### Data below
━━━━━━━━━━━━━━━━━━━━

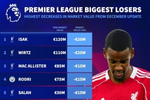 体育资讯12月9日讯 德转更新英超球员身价,伊萨克、维尔茨均-2000万欧,为本次更新身价下降最多的英超球员。
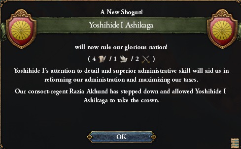 第16代将軍足利義春死去…嫡子義栄の元服を待つ形で御台所ラジア・アフンド(3.3.1)が政務を代行した。
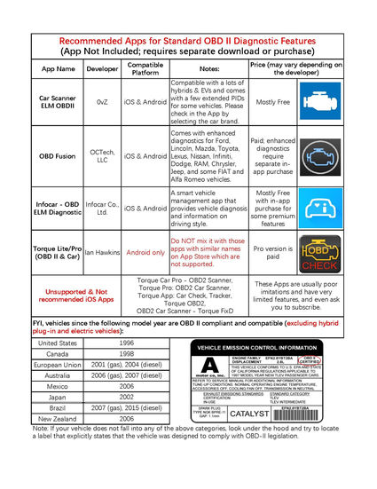Supported Devices iOS (via Bluetooth LE, no pairing in Bluetooth Setting is needed): iPhone, iPad (with Bluetooth 4.0 or above) Android phone & tablet Compatible APPs (more available on App Store and Google Play; may require purchase) OBD Fusion, Torque Pro (Android only), BimmerCode (For BMW & Mini coding), BimmerLink (for BMW diagnostics & live data), Carista OBD2, JScan (for Jeep), DashCommand, Car Scanner ELM OBD2, Dash, OBD Auto Doctor, Dr. Prius, LeafSpy, TripLog, Harry’s Laptimer, TrackAddict Supported OBD II Protocol SAE J1850 PWM SAE J1850 VPW ISO 9141-2 ISO14230-4 KWP2000 ISO15765-4 CAN When using with a proper OBD2 App, you may: Read and clear OBD II check engine light trouble codes Reset check engine light Pull many live sensor readings and get graph live data Create your own dashboard Know whether your vehicle is ready for emissions testing And more to discover! Package Includes 1 x Veepeak OBDCheck BLE OBD2 Scanner 1 x User Manual USEFUL FOR CAR OWNERS: The OBDCheck BLE+ is a small and practical OBD2 diagnostic tool which can work with various third-party Apps to achieve different functions. What functions you can get mainly depends on the chosen App and your vehicle. Please read the “Instructions for use” & “User guide (containing App & vehicle compatibility information)” on the detail page “Product guide and documents” before purchase or use. NOTE: NOT compatible with pre-2008 models or G series (including 2018+ 3 Series, 2017+ X3, 2017+ 5 Series, 2019+ X5, etc.) when used with BimmerCode; Not suitable for pre-2008 models for BimmerLink. CHECK ENGINE DIAGNOSTICS (basic functions for OBD II compliant vehicles) – When used with generic OBD II Apps such as Car Scanner ELM OBD2 (see image 2 for more compatible apps), you can read & erase engine diagnostic trouble codes, view freeze frame data, I/M readiness and real-time sensor readings (generic OBD PIDs such as O2 Readings, Engine coolant/ oil temperature, Mass air flow rate, Fuel rail pressure, Fuel Trim), which can help you fix simple engine-related problems. DO MORE (advanced functions for selected vehicles, see product image 3 for details) – When used with more professional Apps (usually requires sperate purchase), you can get advanced features like enhanced diagnostics and manufacturer-specific PIDs (such as transmission temperature, oil pressure) on selected vehicles, examine the battery in hybrid & electric vehicles, customize selected vehicles, etc. DEVICE COMPATIBILITY - Compatible with iOS via Bluetooth LE (do NOT connect with the device in iOS Bluetooth Settings; please connect directly in the OBD2 Apps) & Android devices via Classic Bluetooth (head units may not be compatible; for some Android phones in recent years, it may not show as connected after pairing but you can still start the App to connect). For detailed iOS and Android connection & troubleshooting guide, please refer to the fifth product image or user instructions. VEHICLE COMPATIBILITY – Compatible with model year 1996 or newer cars and light trucks in the US and other OBD II/ EOBD compliant vehicles in other regions for generic check engine light diagnostic functions. For hybrid plug-in and electric vehicles, please check Car Scanner ELM OBD2 App and see if there is a suitable EV connection profiles, or other Apps designed specifically for EVs. To check if your vehicle is supported for advanced diagnostics (ABS, airbag, body control, etc.), please refer to the fourth image or “User guide (App & vehicle compatibility)” on the detail page.

━━━━━━━━━━━━━━━━━━━━

### Work instruction
Leaving every picture out, write out exactly the lines from the beginning of the listing above to the line with "第16代将軍足利義春死去…嫡", inclusive.

### Solved exercise
 体育资讯12月9日讯 德转更新英超球员身价,伊萨克、维尔茨均-2000万欧,为本次更新身价下降最多的英超球员。
 第16代将軍足利義春死去…嫡子義栄の元服を待つ形で御台所ラジア・アフンド(3.3.1)が政務を代行した。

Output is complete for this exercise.